** WHAT YOU SHOULD DO **
Copy the entries exactly. Their pictures do not belong in the copy.

** Records from a data collection **
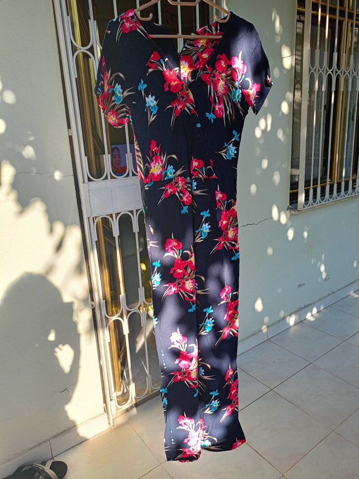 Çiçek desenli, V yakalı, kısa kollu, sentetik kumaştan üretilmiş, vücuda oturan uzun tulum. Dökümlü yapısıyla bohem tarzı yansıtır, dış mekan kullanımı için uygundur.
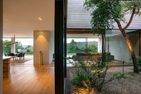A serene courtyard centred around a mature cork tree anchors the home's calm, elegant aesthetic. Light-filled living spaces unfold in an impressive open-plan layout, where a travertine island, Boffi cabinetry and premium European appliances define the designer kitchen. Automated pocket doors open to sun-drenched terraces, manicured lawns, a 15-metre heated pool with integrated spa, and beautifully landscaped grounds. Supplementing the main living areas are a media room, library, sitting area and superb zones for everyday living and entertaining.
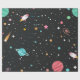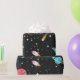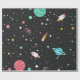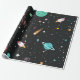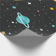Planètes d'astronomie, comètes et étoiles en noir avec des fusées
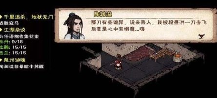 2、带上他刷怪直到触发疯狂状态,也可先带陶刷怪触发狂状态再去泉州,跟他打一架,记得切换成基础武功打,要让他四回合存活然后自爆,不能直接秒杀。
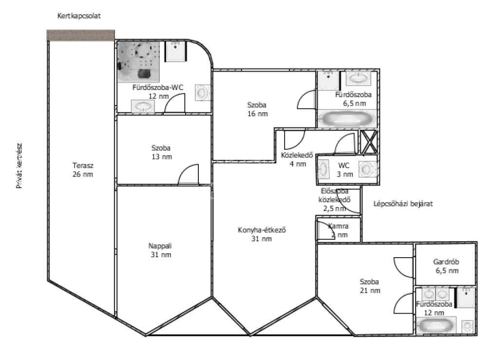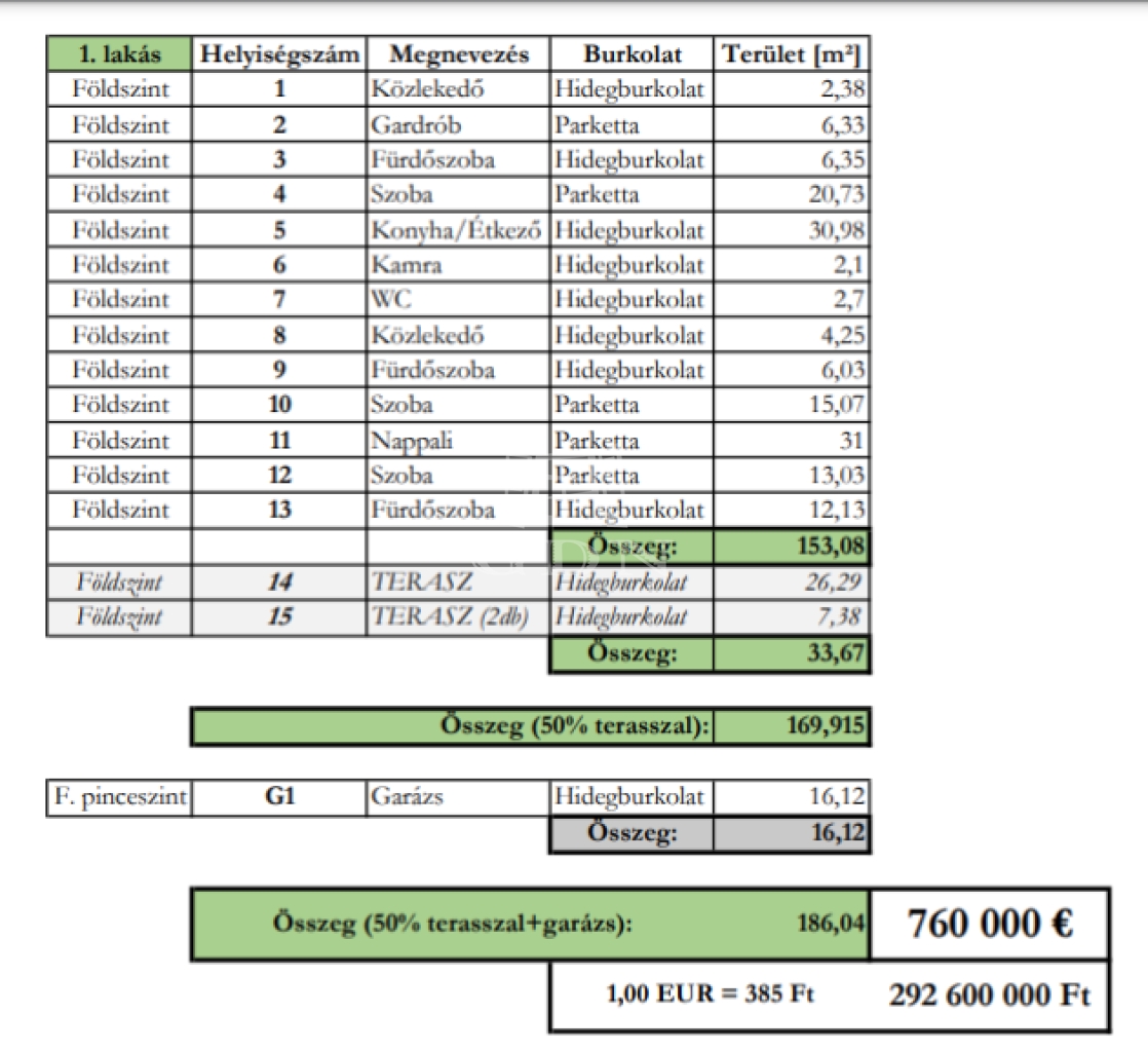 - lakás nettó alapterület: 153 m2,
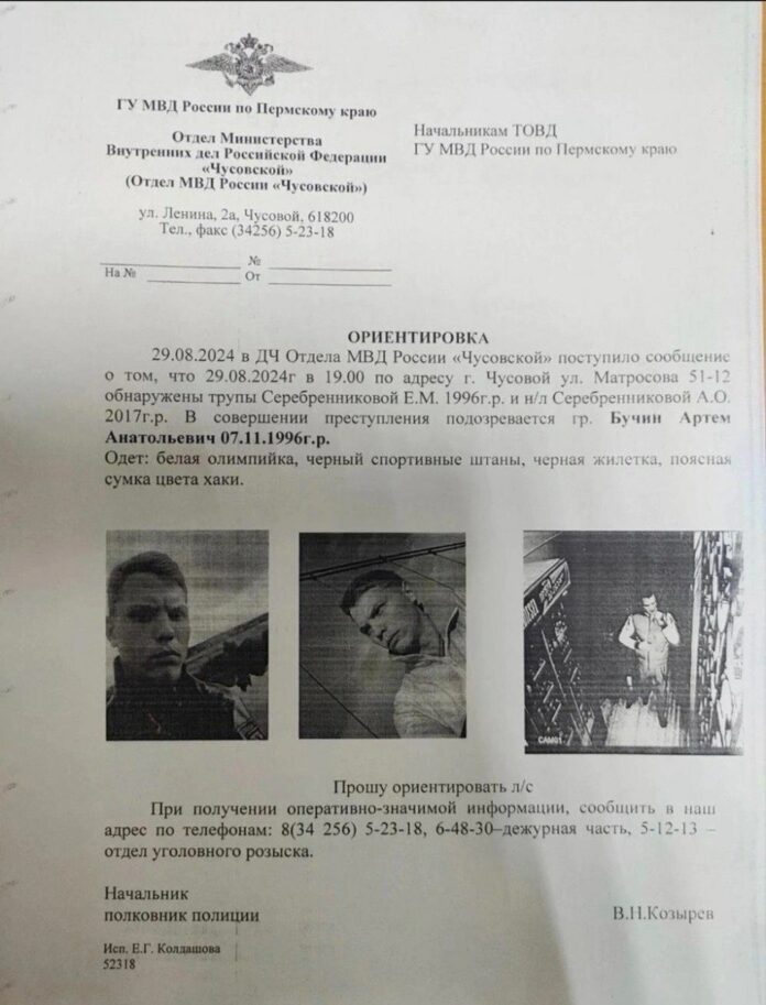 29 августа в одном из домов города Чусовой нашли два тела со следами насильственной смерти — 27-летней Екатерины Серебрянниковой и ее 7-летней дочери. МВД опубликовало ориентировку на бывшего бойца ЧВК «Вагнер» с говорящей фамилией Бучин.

** SOLVED EXERCISE **
 Çiçek desenli, V yakalı, kısa kollu, sentetik kumaştan üretilmiş, vücuda oturan uzun tulum. Dökümlü yapısıyla bohem tarzı yansıtır, dış mekan kullanımı için uygundur.
A serene courtyard centred around a mature cork tree anchors the home's calm, elegant aesthetic. Light-filled living spaces unfold in an impressive open-plan layout, where a travertine island, Boffi cabinetry and premium European appliances define the designer kitchen. Automated pocket doors open to sun-drenched terraces, manicured lawns, a 15-metre heated pool with integrated spa, and beautifully landscaped grounds. Supplementing the main living areas are a media room, library, sitting area and superb zones for everyday living and entertaining.
Planètes d'astronomie, comètes et étoiles en noir avec des fusées
 2、带上他刷怪直到触发疯狂状态,也可先带陶刷怪触发狂状态再去泉州,跟他打一架,记得切换成基础武功打,要让他四回合存活然后自爆,不能直接秒杀。
 - lakás nettó alapterület: 153 m2,
 29 августа в одном из домов города Чусовой нашли два тела со следами насильственной смерти — 27-летней Екатерины Серебрянниковой и ее 7-летней дочери. МВД опубликовало ориентировку на бывшего бойца ЧВК «Вагнер» с говорящей фамилией Бучин.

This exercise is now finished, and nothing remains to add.